Provided entries:
○ ○ ○ ○ ○
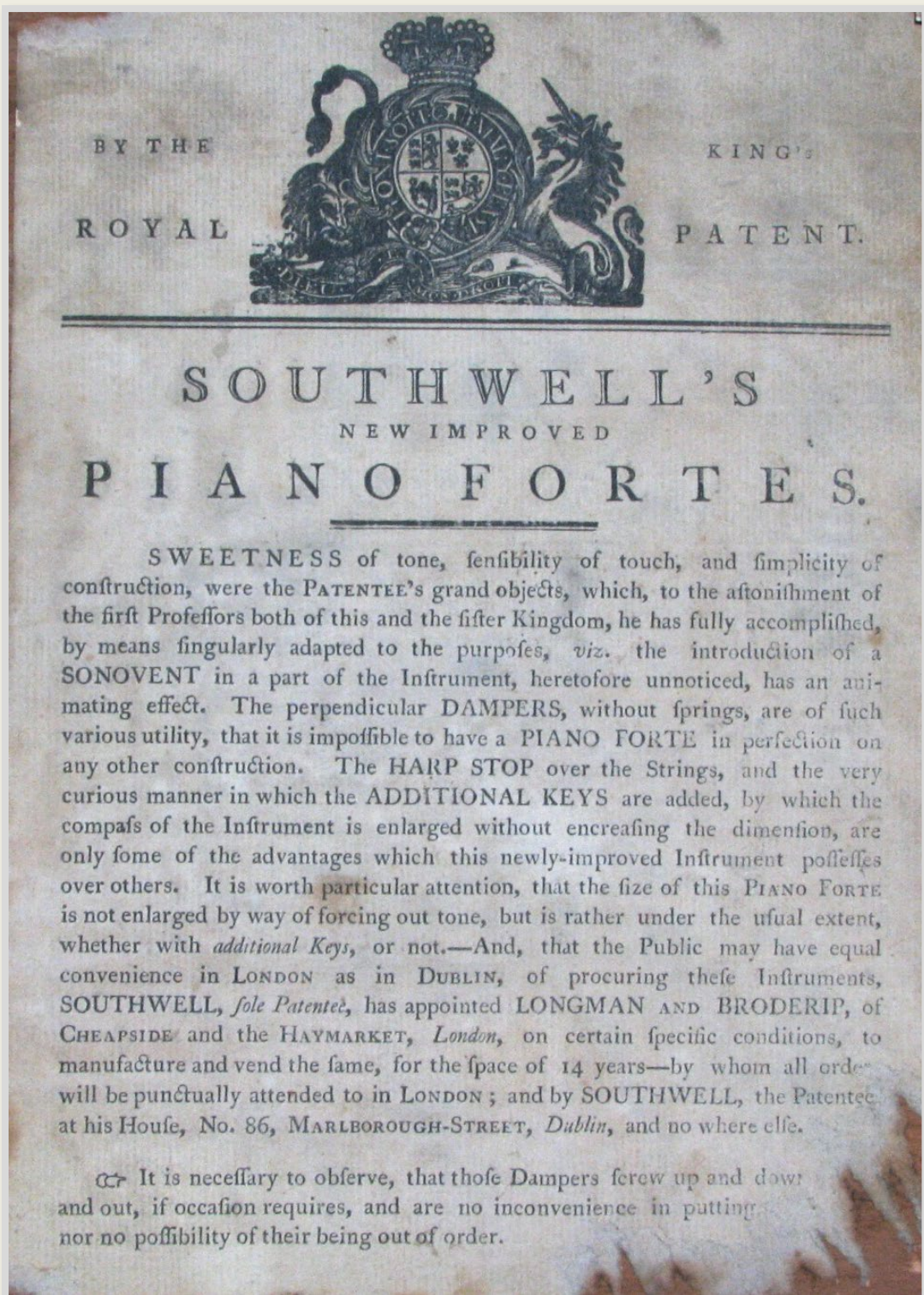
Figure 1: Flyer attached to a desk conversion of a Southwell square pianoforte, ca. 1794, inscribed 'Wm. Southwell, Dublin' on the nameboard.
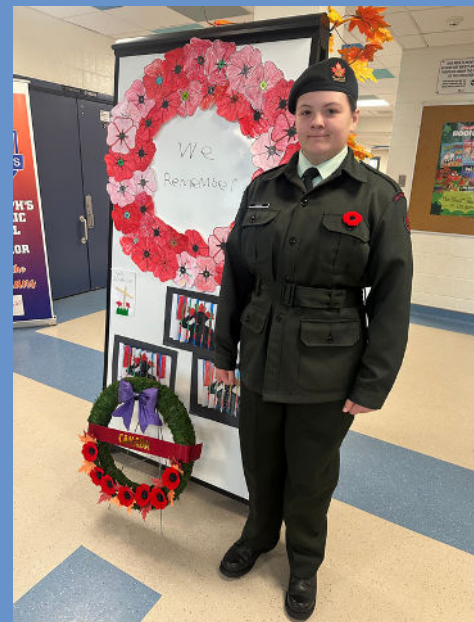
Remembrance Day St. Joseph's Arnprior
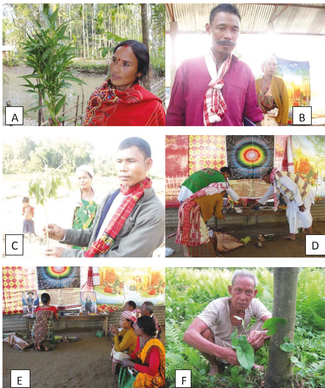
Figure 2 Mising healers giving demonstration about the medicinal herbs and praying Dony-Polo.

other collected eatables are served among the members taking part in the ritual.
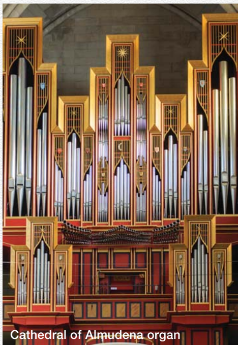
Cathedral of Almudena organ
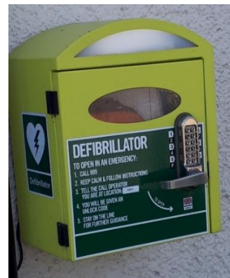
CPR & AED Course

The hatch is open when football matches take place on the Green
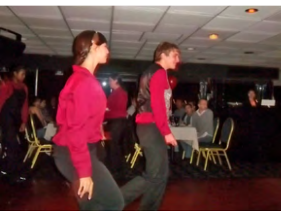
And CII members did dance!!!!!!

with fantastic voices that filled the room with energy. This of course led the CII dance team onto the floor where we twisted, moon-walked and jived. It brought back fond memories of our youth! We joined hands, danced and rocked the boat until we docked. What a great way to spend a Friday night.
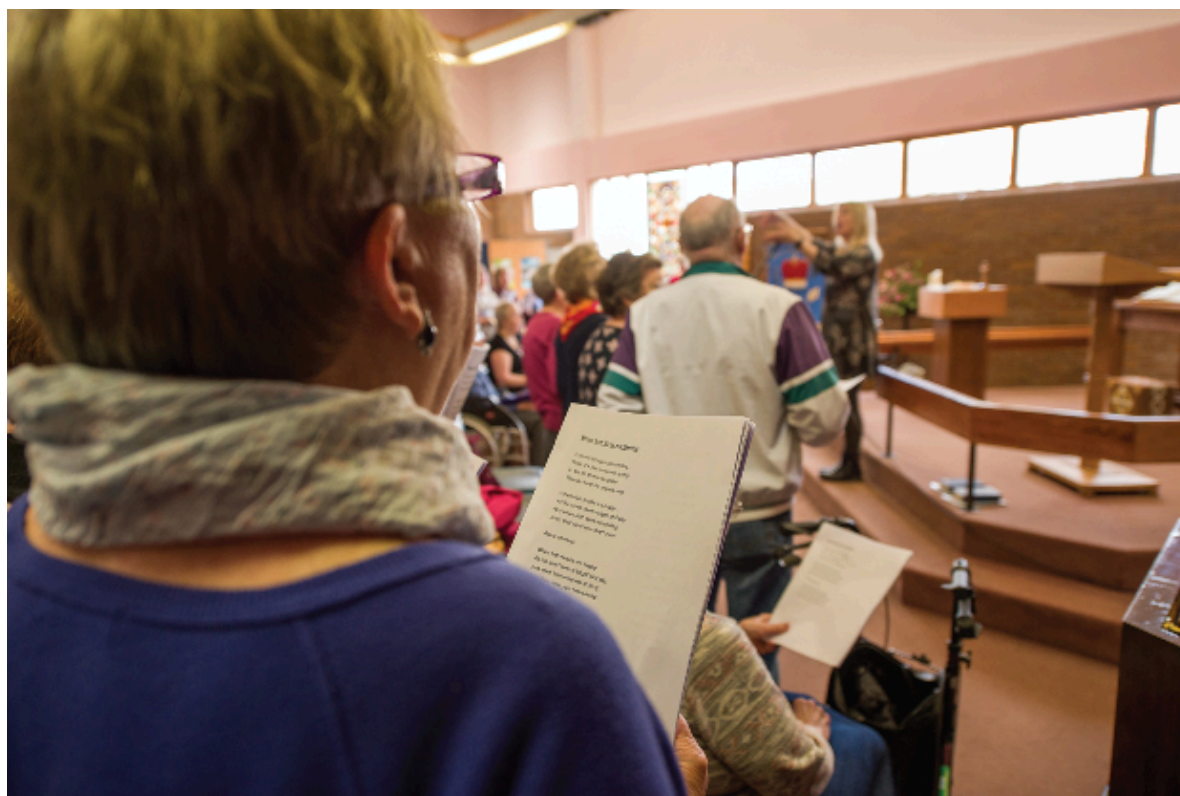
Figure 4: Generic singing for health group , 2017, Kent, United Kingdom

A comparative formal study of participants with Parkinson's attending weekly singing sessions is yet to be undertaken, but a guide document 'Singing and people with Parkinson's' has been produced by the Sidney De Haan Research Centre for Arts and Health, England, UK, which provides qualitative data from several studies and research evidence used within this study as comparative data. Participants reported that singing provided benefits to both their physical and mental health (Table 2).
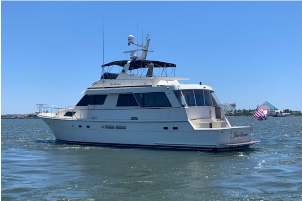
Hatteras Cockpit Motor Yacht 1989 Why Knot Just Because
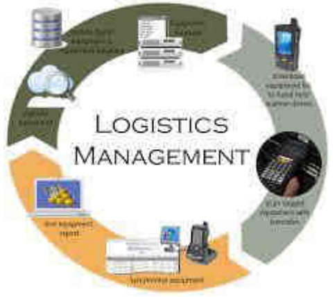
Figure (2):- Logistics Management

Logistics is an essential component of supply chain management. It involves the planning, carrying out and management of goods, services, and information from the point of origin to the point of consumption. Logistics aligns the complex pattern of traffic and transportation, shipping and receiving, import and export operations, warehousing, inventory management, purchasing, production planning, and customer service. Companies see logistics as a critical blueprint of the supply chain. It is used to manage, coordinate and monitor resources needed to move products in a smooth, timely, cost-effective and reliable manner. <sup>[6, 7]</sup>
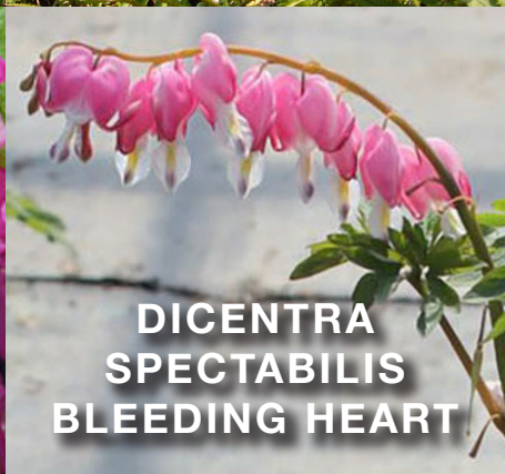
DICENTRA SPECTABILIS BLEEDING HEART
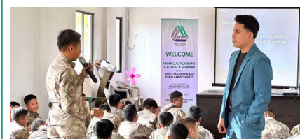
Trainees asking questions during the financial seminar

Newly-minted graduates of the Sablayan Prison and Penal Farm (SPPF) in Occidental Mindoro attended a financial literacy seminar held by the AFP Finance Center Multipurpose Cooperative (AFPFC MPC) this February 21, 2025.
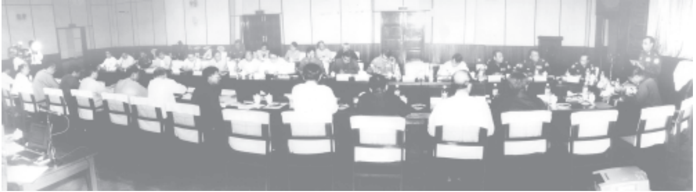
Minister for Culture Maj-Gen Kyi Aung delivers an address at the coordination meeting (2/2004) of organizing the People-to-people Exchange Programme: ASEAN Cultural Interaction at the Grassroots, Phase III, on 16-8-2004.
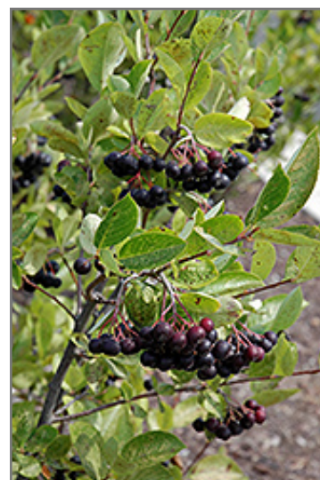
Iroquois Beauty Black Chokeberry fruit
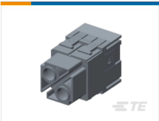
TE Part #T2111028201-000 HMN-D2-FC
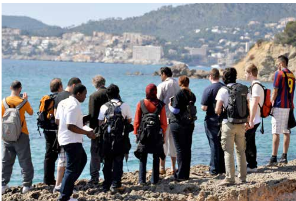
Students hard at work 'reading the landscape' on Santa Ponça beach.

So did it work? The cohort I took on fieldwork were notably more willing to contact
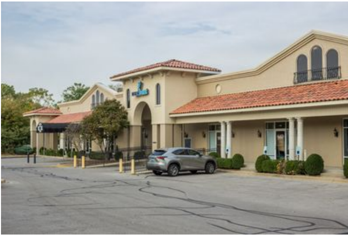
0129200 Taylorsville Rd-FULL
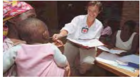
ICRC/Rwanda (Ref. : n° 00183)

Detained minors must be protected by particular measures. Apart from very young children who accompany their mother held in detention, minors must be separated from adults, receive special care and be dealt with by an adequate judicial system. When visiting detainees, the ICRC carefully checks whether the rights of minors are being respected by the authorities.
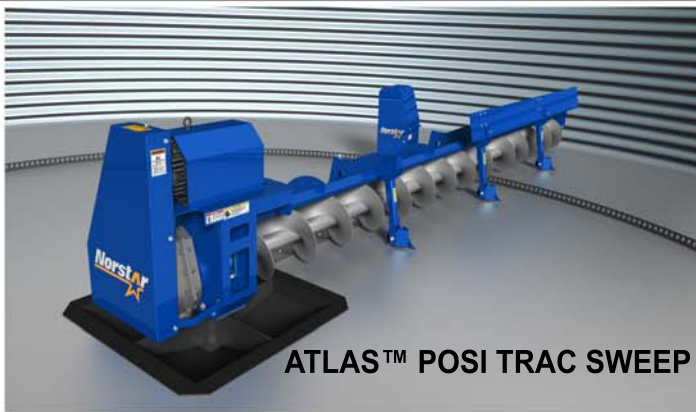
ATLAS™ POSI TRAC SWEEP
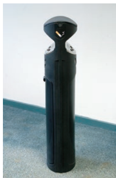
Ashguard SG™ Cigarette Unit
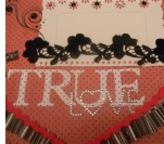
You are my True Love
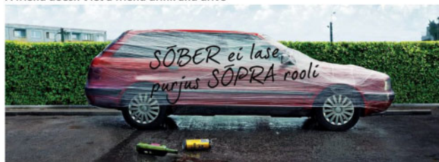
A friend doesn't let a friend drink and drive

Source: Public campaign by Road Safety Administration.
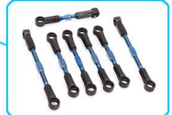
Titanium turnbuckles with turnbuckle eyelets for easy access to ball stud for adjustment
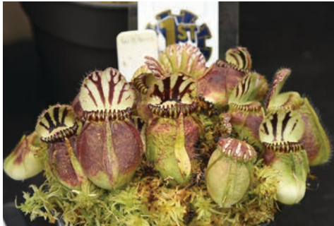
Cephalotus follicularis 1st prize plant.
○ ○ ○ ○ ○
Task directions: Of the lines above, quote exactly those from the one with "Minister for Culture" through the one with "ICRC/Rwanda (Ref. : n° 00183)", ends included; pictures stay out.

Solution to the problem:
Minister for Culture Maj-Gen Kyi Aung delivers an address at the coordination meeting (2/2004) of organizing the People-to-people Exchange Programme: ASEAN Cultural Interaction at the Grassroots, Phase III, on 16-8-2004.
Iroquois Beauty Black Chokeberry fruit
TE Part #T2111028201-000 HMN-D2-FC
Students hard at work 'reading the landscape' on Santa Ponça beach.

So did it work? The cohort I took on fieldwork were notably more willing to contact
0129200 Taylorsville Rd-FULL
ICRC/Rwanda (Ref. : n° 00183)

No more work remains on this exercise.